Assignment
In the records below, the line that contains "PTE. STUART HOLMSTROM" marks the start. Copy it and each line after it through the end, exactly, without pictures.

Dataset extract
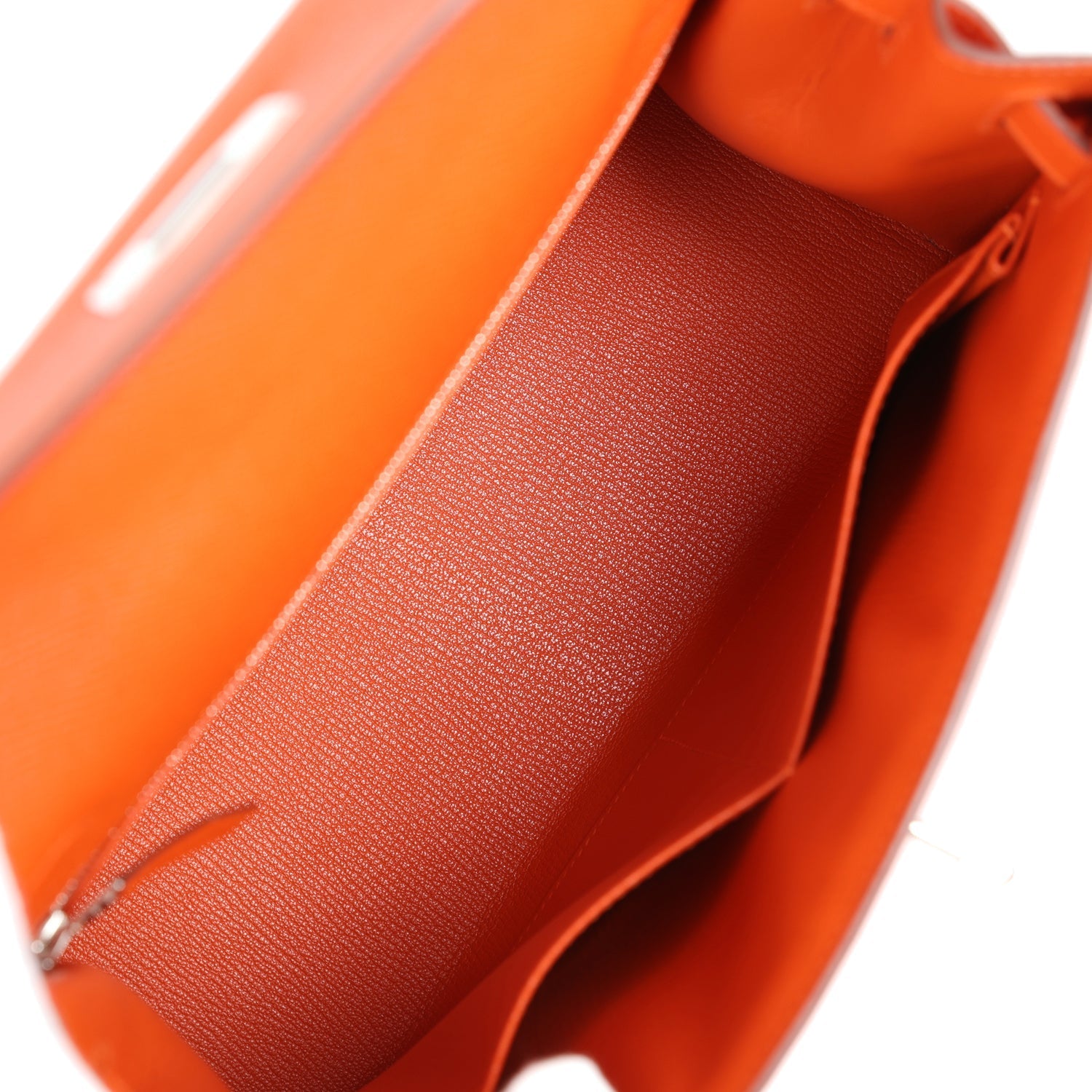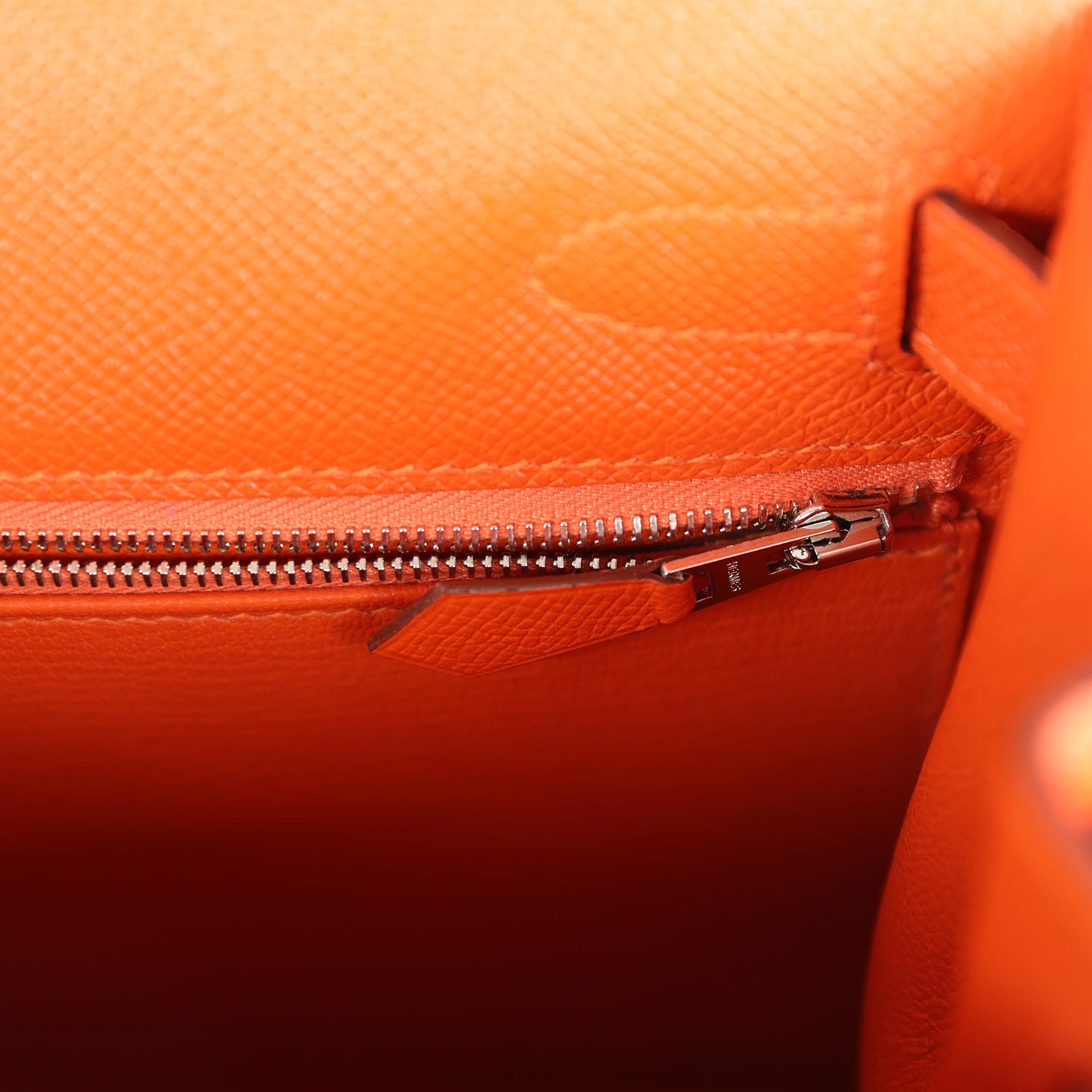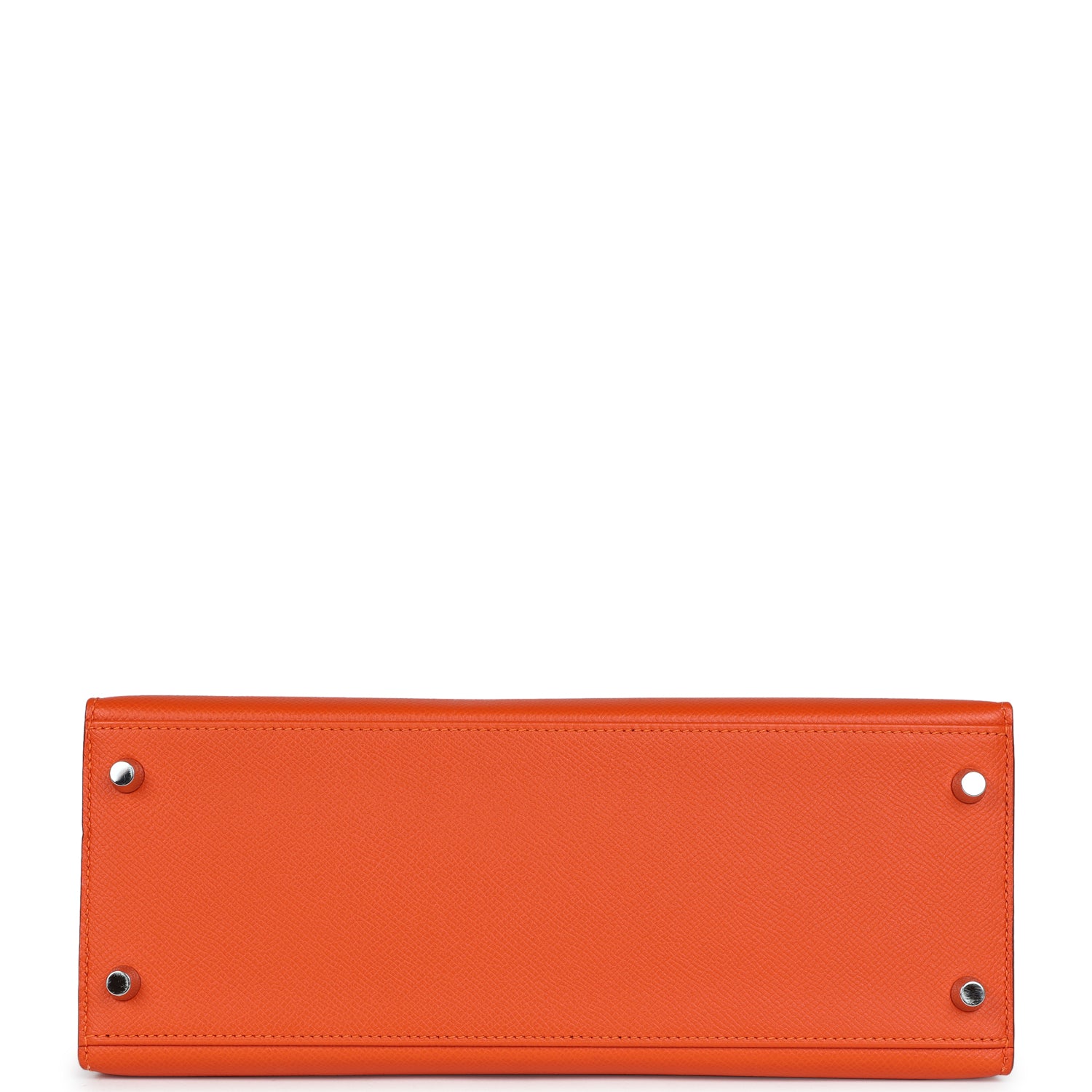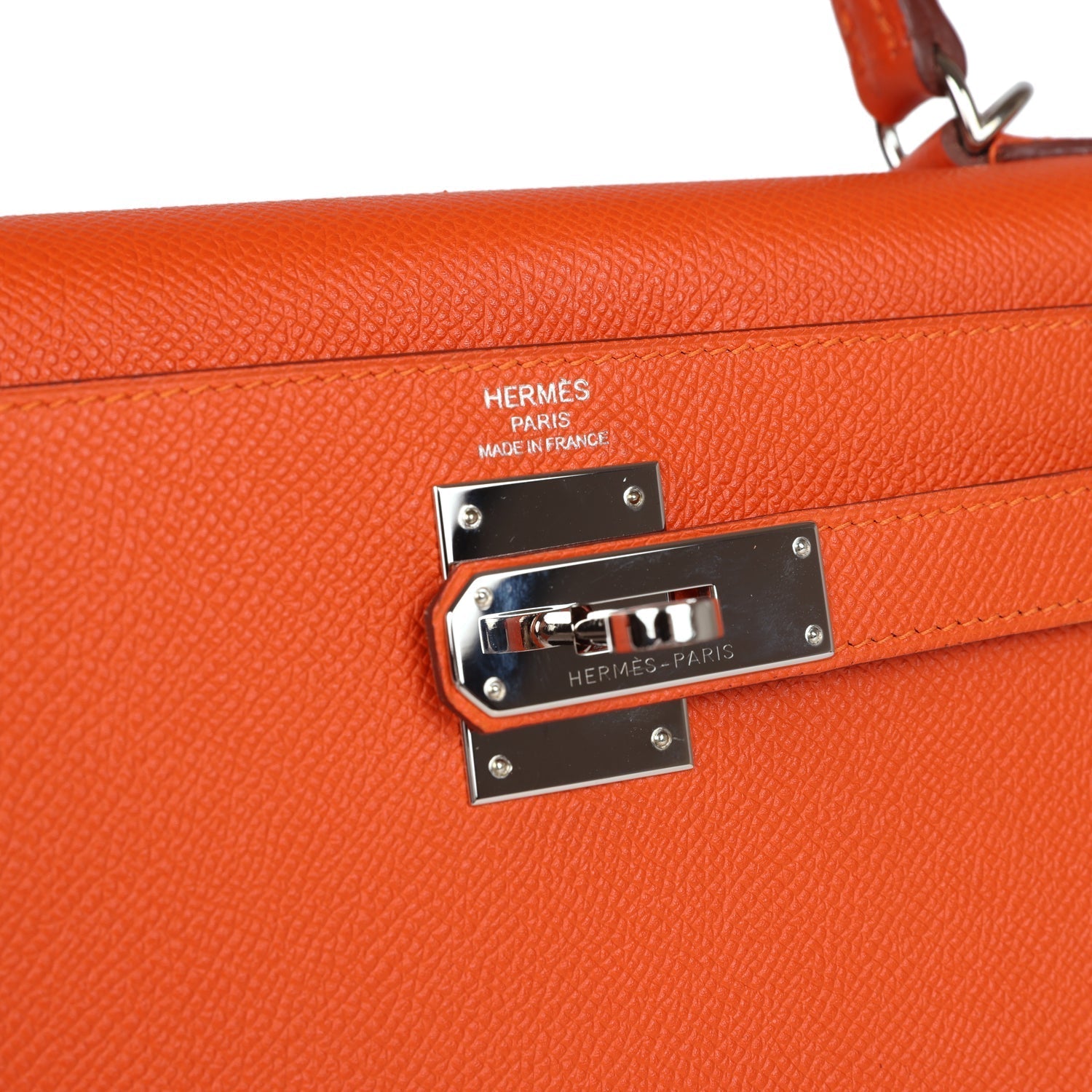 Kelly, in the Sellier style, is of Feu epsom leather with palladium hardware, features tonal stitching, a front toggle closure, a clochette with lock and two keys and a single rolled handle.
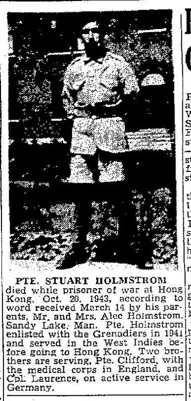 PTE. STUART HOLMSTROM died while prisoner of war at Hong Kong. Oct. 20. 1943, according to word received March 14 by his parents, Mr. and Mrs. Alec Holmstrom, Sandy Lake, Man. Pte. Holmstrom enlisted with the Grenadiers in 1941 and served in the West Indies before going to Hong Kong. Two brothers are serving, Pte. Clifford, with the medical corps in England, and Cpl. Laurence, on active service in E Germany.
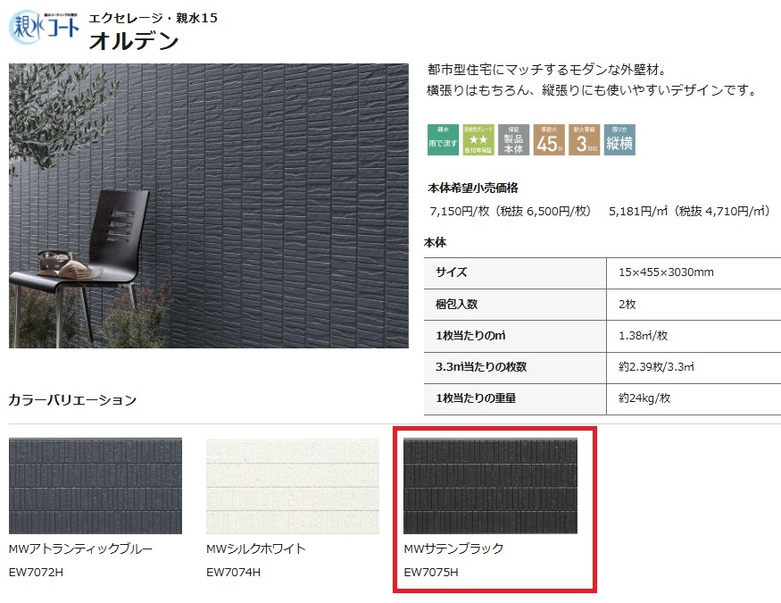 | 商品詳細 | メーカー:KMEW 型番 : EW7075H カタログ 色 : サテンブラック サイズ :15×455×3030mm 24㎏ |
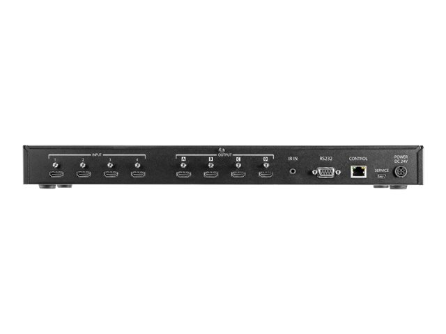Ce commutateur de matrice HDMI 4x4 vous permet de partager quatre sources vidéo HDMI entre quatre écrans ou vidéoprojecteurs indépendants, et de basculer sur la source active sur chaque périphérique d'affichage.
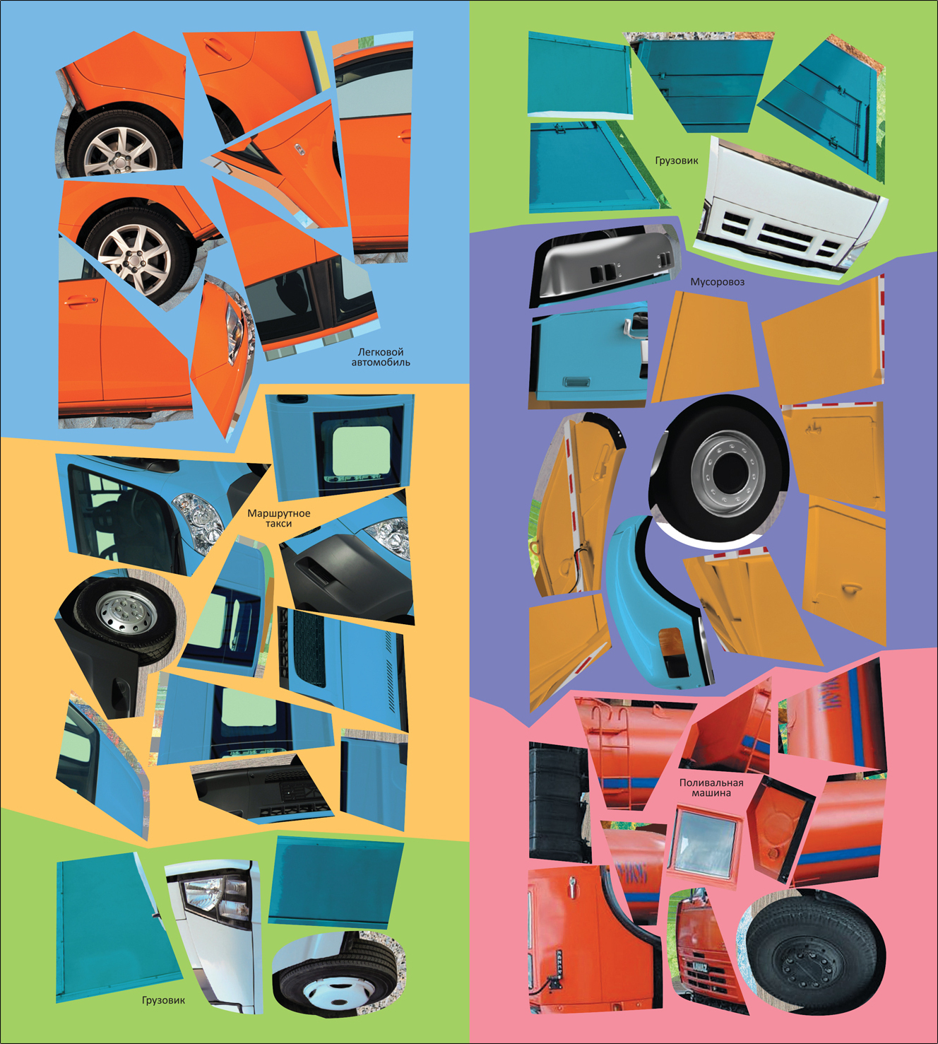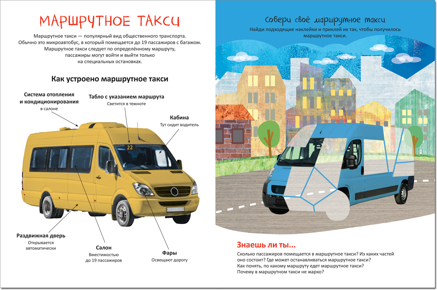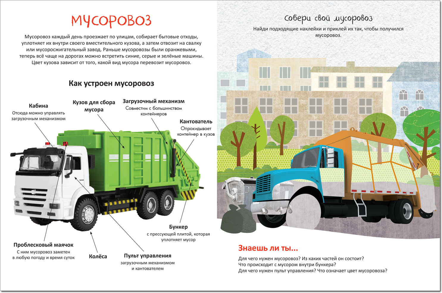 Доклеивая недостающие части на фотографии машин, ребенок не только познакомится с различными видами транспорта, но и узнает много интересного и полезного: как устроен легковой автомобиль, почему мусоровозы бывают разных цветов, какие необычные детали и особенности позволяют легко узнать поливальную машину. Закрепить полученные знания помогут вопросы и задания на каждом развороте. Размер – 255х195 мм. Книга предназначена для детей от 4 лет.
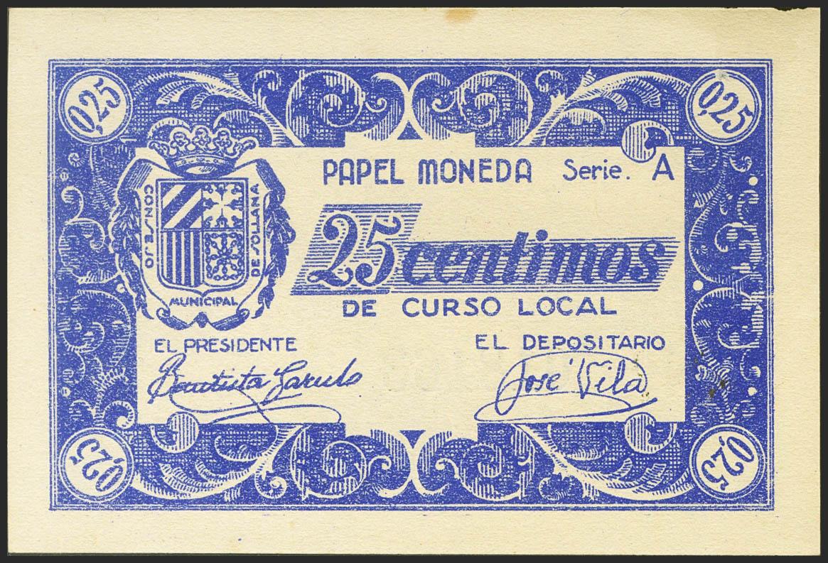 SOLLANA (VALENCIA). 25 Céntimos. (1937ca). Serie A. (González: 4896). EBC.
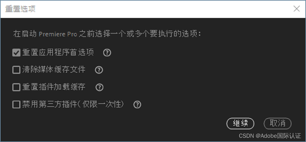 使用Premiere Pro中全新的启动时重置选项进行定期维护和清理系统,然后更新到应用程序的新版本或诊断和排除应用程序问题
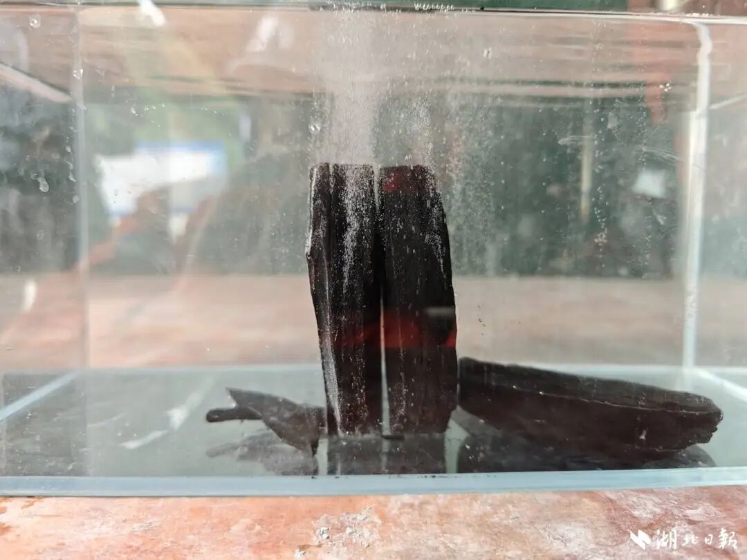 大隆组黑色硅质页岩浸水实验起泡剧烈。
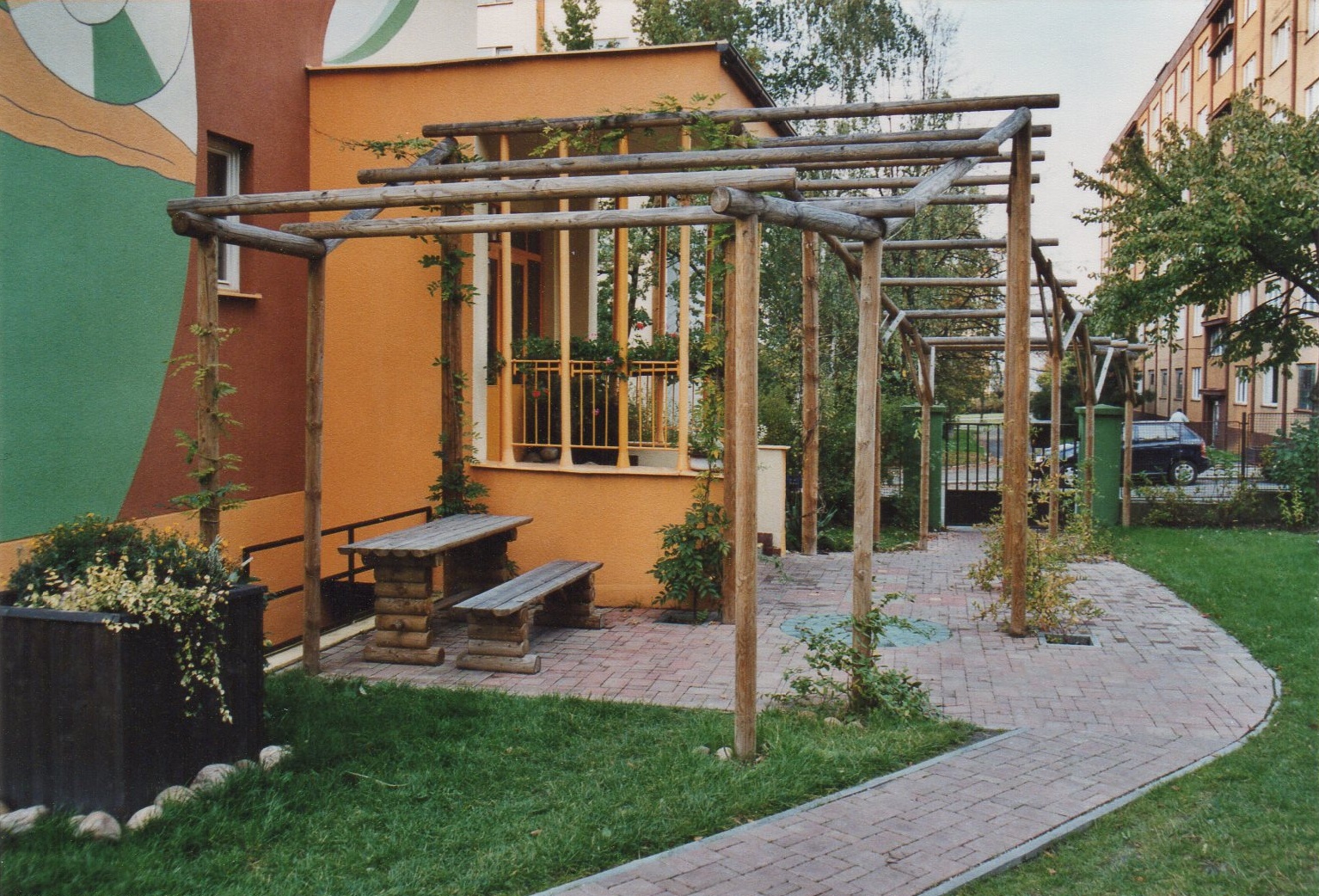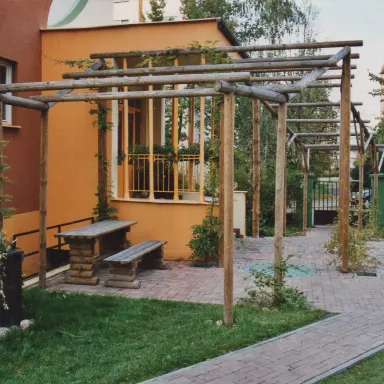 - vstupní pergola s posezením – osázena popínavými rostlinami,

Response
 PTE. STUART HOLMSTROM died while prisoner of war at Hong Kong. Oct. 20. 1943, according to word received March 14 by his parents, Mr. and Mrs. Alec Holmstrom, Sandy Lake, Man. Pte. Holmstrom enlisted with the Grenadiers in 1941 and served in the West Indies before going to Hong Kong. Two brothers are serving, Pte. Clifford, with the medical corps in England, and Cpl. Laurence, on active service in E Germany.
 | 商品詳細 | メーカー:KMEW 型番 : EW7075H カタログ 色 : サテンブラック サイズ :15×455×3030mm 24㎏ |
Ce commutateur de matrice HDMI 4x4 vous permet de partager quatre sources vidéo HDMI entre quatre écrans ou vidéoprojecteurs indépendants, et de basculer sur la source active sur chaque périphérique d'affichage.
 Доклеивая недостающие части на фотографии машин, ребенок не только познакомится с различными видами транспорта, но и узнает много интересного и полезного: как устроен легковой автомобиль, почему мусоровозы бывают разных цветов, какие необычные детали и особенности позволяют легко узнать поливальную машину. Закрепить полученные знания помогут вопросы и задания на каждом развороте. Размер – 255х195 мм. Книга предназначена для детей от 4 лет.
 SOLLANA (VALENCIA). 25 Céntimos. (1937ca). Serie A. (González: 4896). EBC.
 使用Premiere Pro中全新的启动时重置选项进行定期维护和清理系统,然后更新到应用程序的新版本或诊断和排除应用程序问题
 大隆组黑色硅质页岩浸水实验起泡剧烈。
 - vstupní pergola s posezením – osázena popínavými rostlinami,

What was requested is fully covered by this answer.